The following are some of the characteristics of a document that’ll be processed well during document cognition. It's recommended following these guidelines while pre-processing your document -

  1. It does not have scanned pages and images.

  2. 80% of the content is textual and well-formatted (e.g. Wikipedia articles)

  3. Remove content and index pages, appendix pages, etc. (we will add the logic to skip these automatically in coming releases)

  4. No bullet points before headings. Headings should have a larger font size and no spaces so that the parser can detect headings easily.

  5. Always prefer the Word (.doc, .docx) version of the document if available, as some properties might get lost when converting it into PDF.

  6. Tables will be skipped. if possible, try to upload documents with less tabular data or remove pages with tables altogether from the document.

Why am I not getting the right result in the first suggestion?#

Because document cognition is a probabilistic model that is “predicting” the relevance of a specific paragraph or page by looking at the input string. There is no guarantee that the first result will be the most relevant result.

Why am I getting the other documents in suggestions which actually don't have the answer?#

Same answer as above. The model has no way of “knowing” which document is correct, it can, however, assign a score to all the results based on its assessment of the documents.

Why am I getting multiple occurrences of the same document in the results?#

Because there might be multiple pages/occurrences of relevant content in the same document.
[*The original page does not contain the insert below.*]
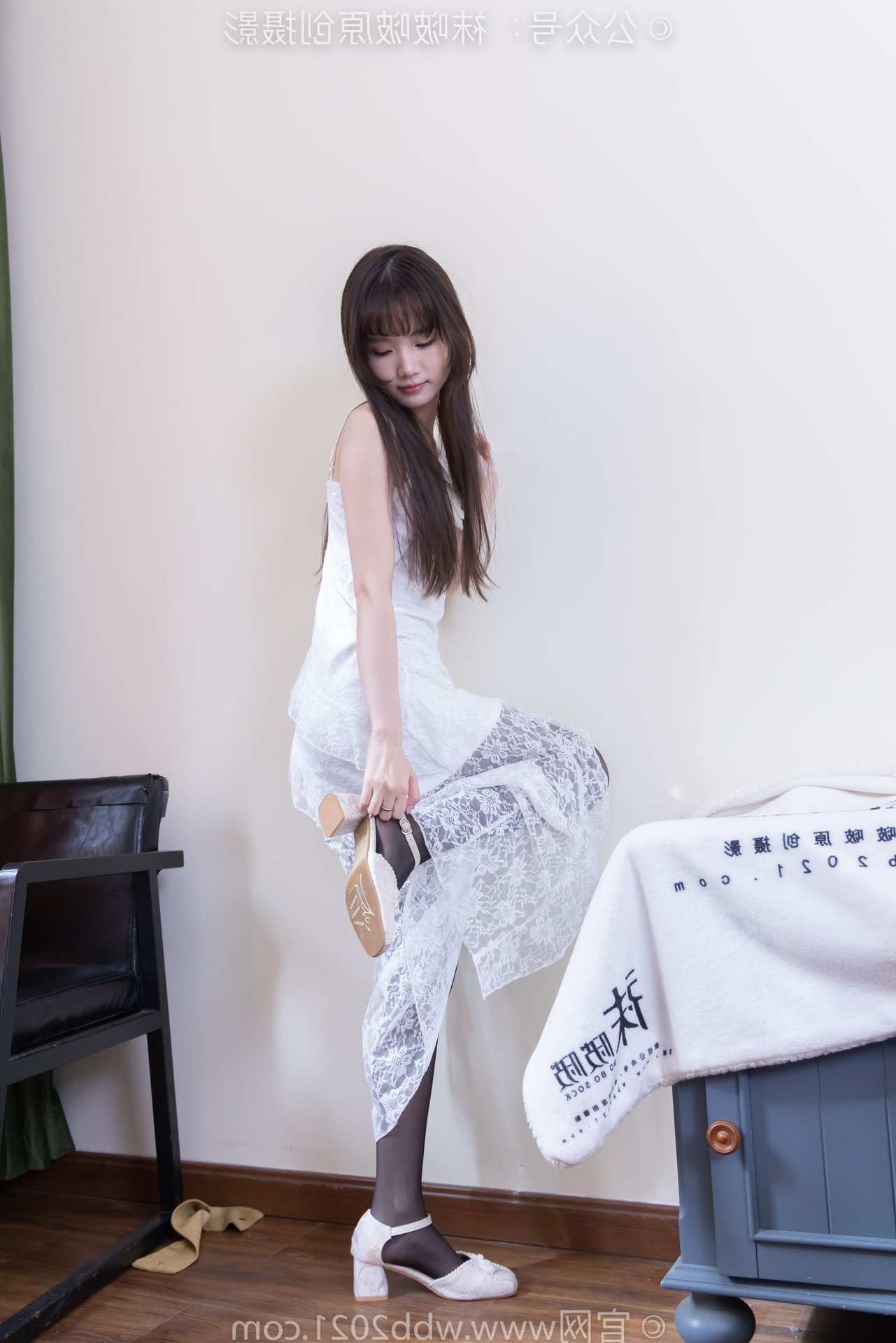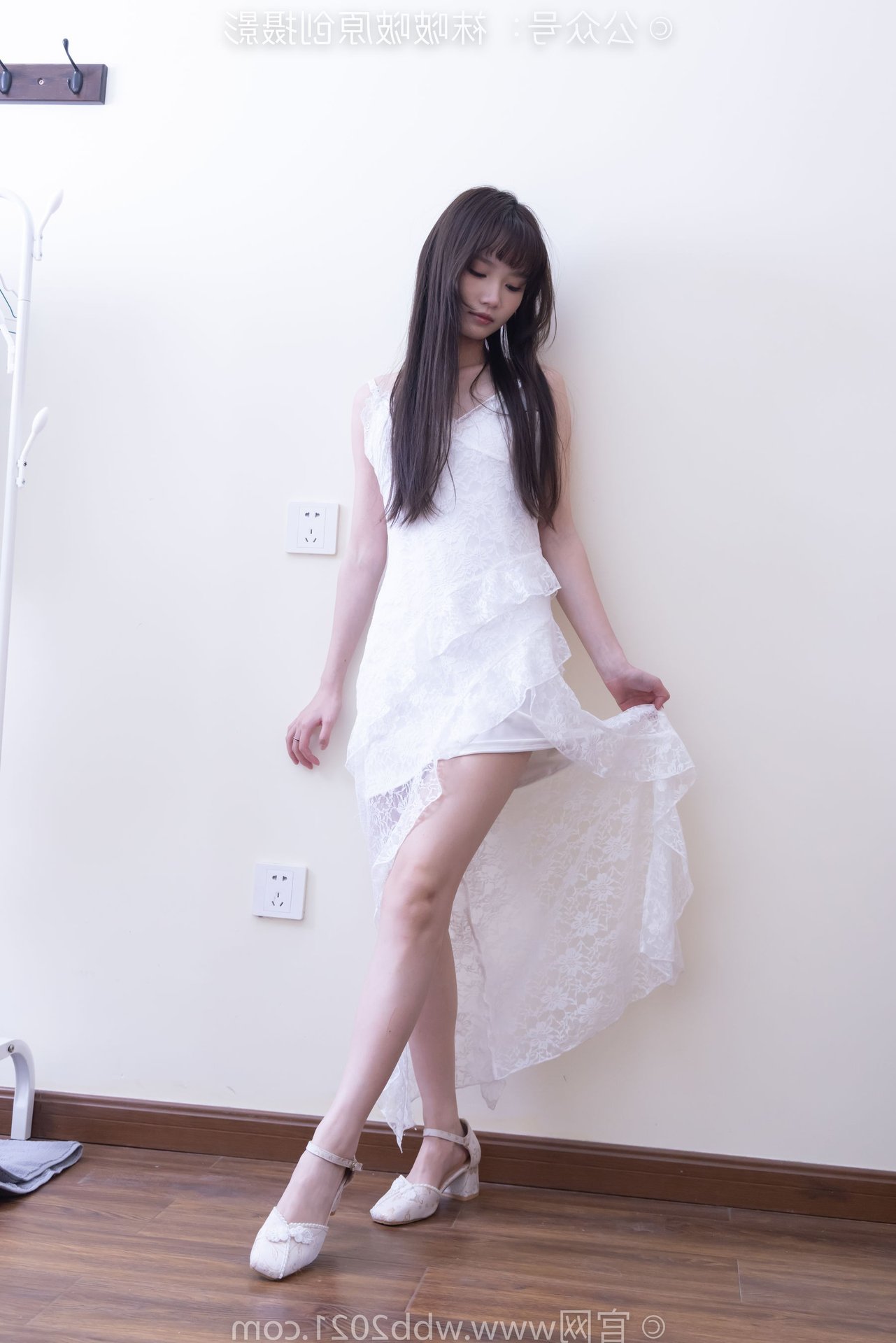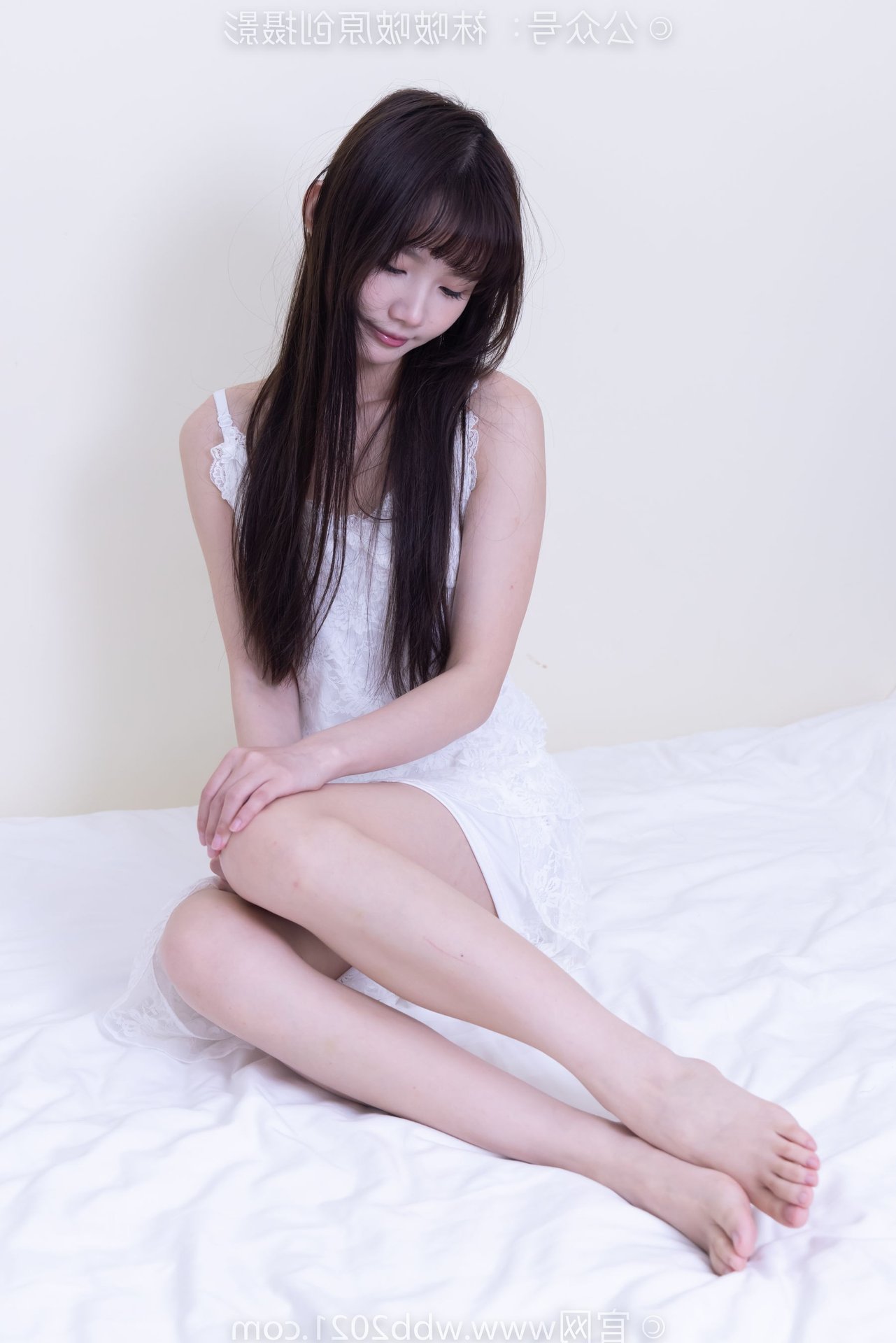 This photograph captures an emotional moment of the Chinese model from the BoBoSocks No.542 collection. She is adorned in a pristine white dress its soft fabric exuding a gentle and ethereal beauty. Her kneeling posture with hands delicately pressed against the white wall combined with a contemplative gaze creates a serene and profound atmosphere. The graceful bare feet further emphasize her natural charm showcasing a simple and approachable beauty. This image not only conveys purity but also subtly hints at a delicate allure evoking a sense of fragility and introspection. It is a photographic artwork that focuses on the models expression and natural grace offering an authentic glimpse into her inner beauty.

In such cases, we rank them, based on the score and return only two occurrences in each document by default. If you want to see more or fewer occurrences within the same document, you can control by passing the value of results_per_document in your search query.

Can the model convert tabular data into FAQs?#

No, Tables will be skipped. if possible, try to upload documents with less tabular data or remove pages with tables altogether from the document. These tables can be uploaded/recreated in our bot database, where we can write business logic on top of them.

Why am I not able to access a document link, from a conversation I had yesterday?#

Currently, we have restricted the life of each SAS link to an hour for security reasons. This can be removed/updated as per client request. You can generate a new link by asking the same query again in the bot.

How do I ensure that the bot shows only relevant documents?#

There is no specific logic added to detect irrelevance right now. However, we do provide a relevance score with each search result that the bot developer can use. The model returns all documents which contain even a few keywords in the query in decreasing order of relevance. The bot developer can choose to show only Top N (e.g. Top 5) or Top 25% of the results based on relevance score.